RANGOON — More than three months since the Burma Army vowed to make itself more available to members of the media, journalists are expressing frustration that the promise remains unfulfilled to date.
Following a mid-October meeting between Burma Army commander in chief Snr-Gen Min Aung Hlaing and members of the Interim Press Council, three generals were named to serve as press liaisons. Contact information for the three men was never provided, however, and at a second meeting in November, the Press Council was told that the Defense Ministry’s Department of Public Relations and Psychological Warfare would instead be tasked with handling media relations.

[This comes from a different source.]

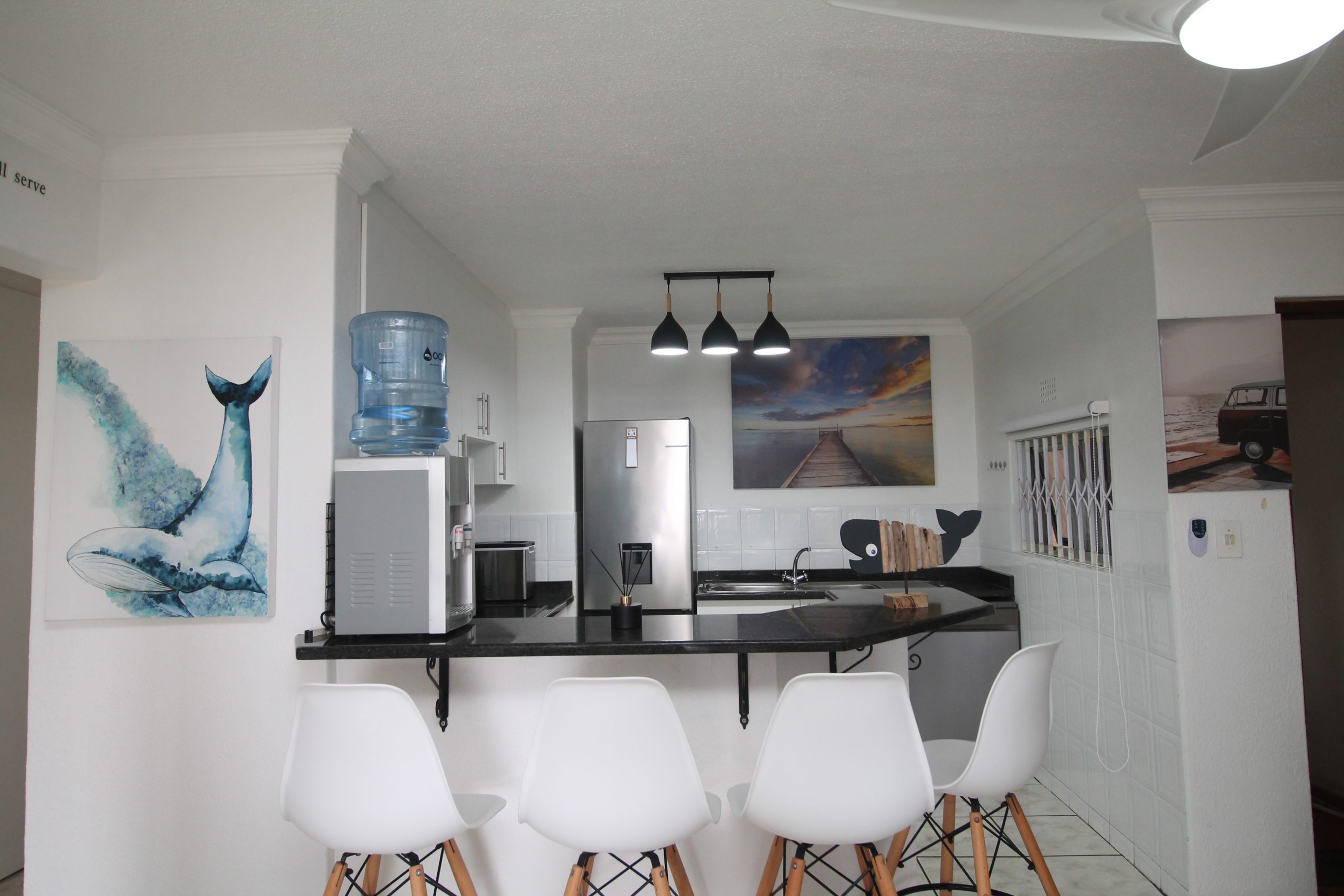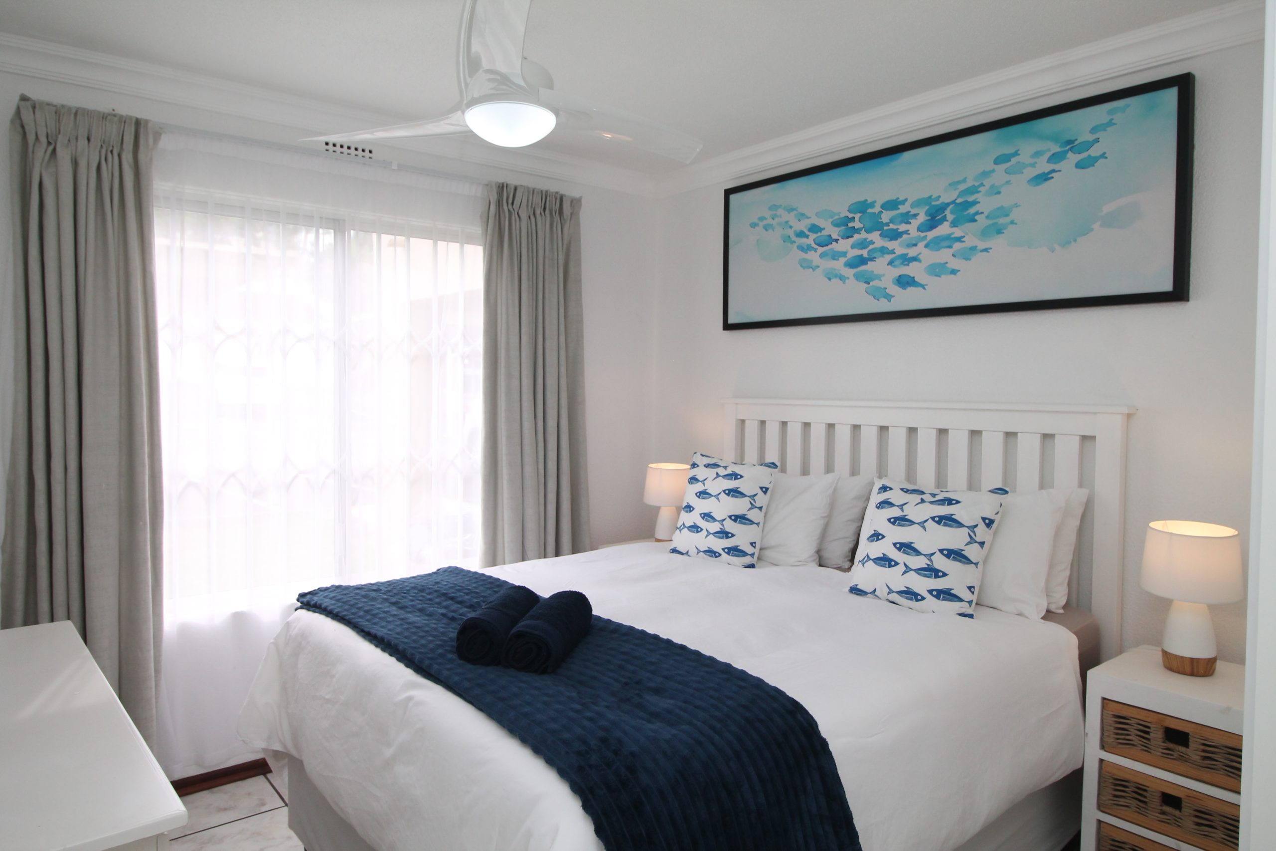 The main bedroom suite features ample natural light and direct access to the patio and offers great sea-views and overlooks the swimming pool. The entire space is designed for comfort. The en-suite bathroom has a shower. There is a double bed in the second bedroom and there are two bunk beds in the third bedroom. The guest bathroom features a shower. There is easy access to Uvongo Beach as well as the Uvongo Fishing Pier. Please note no parties allowed in Laguna La Crete.

An email address to which journalists could direct inquiries would be set up, the military said, though no address has yet been made public.
In the absence of a Burma Army spokesperson, the Press Council has been collecting contact information from private media outlets with the aim of creating a mailing list to which the Burma Army can send official statements.
“We haven’t got any contacts [from the military] yet,” said Thiha Saw, a Press Council spokesman. “According to a decision made at the last meeting, they will give us information on their terms. It’s one-sided; we can’t question them back. When we asked for an email contact, they said they are not ready yet.
“We would like an official department that would release official statements—a place that we could reach out to when something happens so that they can respond,” Thiha Saw added.
The last year has seen modest but nonetheless unprecedented military engagement with Burma’s fledgling press corps, including a first-ever press conference held by Min Aung Hlaing and official responses to two tragedies in which the Burma Army was implicated.
The Burma Army used the Press Council to disseminate three statements related to two incidents: the October death of the journalist Par Gyi while in military custody, and the deadly shelling of a Kachin Independence Army (KIA) post on Nov. 19.
But critics have pointed out that the Par Gyi communique came 19 days after he was killed. In the Kachin incident, the Burma Army provided a response one day later.
The military has thus far been silent in the wake of the killing of two Kachin schoolteachers last week, amid allegations of Burma Army involvement.
“It’s not that we cannot contact them at all,” Thiha Saw said. “There are some who will talk informally. … It’s irritating for us but there’s nothing we can do.”
Burmese writer and editor Ma Thida (San Chaung) said the military’s approach to media relations lacked transparency and reflected a propagandistic mindset.
“Without making contact directly, but instead through a particular group … that access to information is not equal. … We are in a situation where we can only report the news they provide,” said Ma Thida, cofounder of PEN Myanmar, the local chapter of an international writers advocacy group.
In the case of the slain journalist Par Gyi, the private interests of the Press Council’s general secretary Kyaw Min Swe benefited from the military’s preferred means of communicating to the media: The editor-in-chief of The Voice, a popular daily, broke the news of Par Gyi’s death in his Burmese-language publication the day after members of the Press Council received the information from an unnamed Burma Army source.
Ma Thida said the military should make multiple levels of its personnel available for press inquiries, rather than directing all inquiries to only a few designated liaisons.
“For example, what is happening now in Kachin [State]: The voices from officers on the ground are not reachable,” she said.
“What they are doing right now doesn’t seem like they are trying to get in touch with media, but instead are propagandizing through the Press Council.”
Shwe Hmone, a senior reporter from the Union Journal, said most of her outlet’s military-related reporting was suffering from the dearth of official access.
“Until we can get direct contact with the military, our reporting will never be OK,” she said. “In our opinion, there should be a military department that can answer our questions, a phone that will be on 24-hour standby. Only then can we report both sides of a story in a timely way.”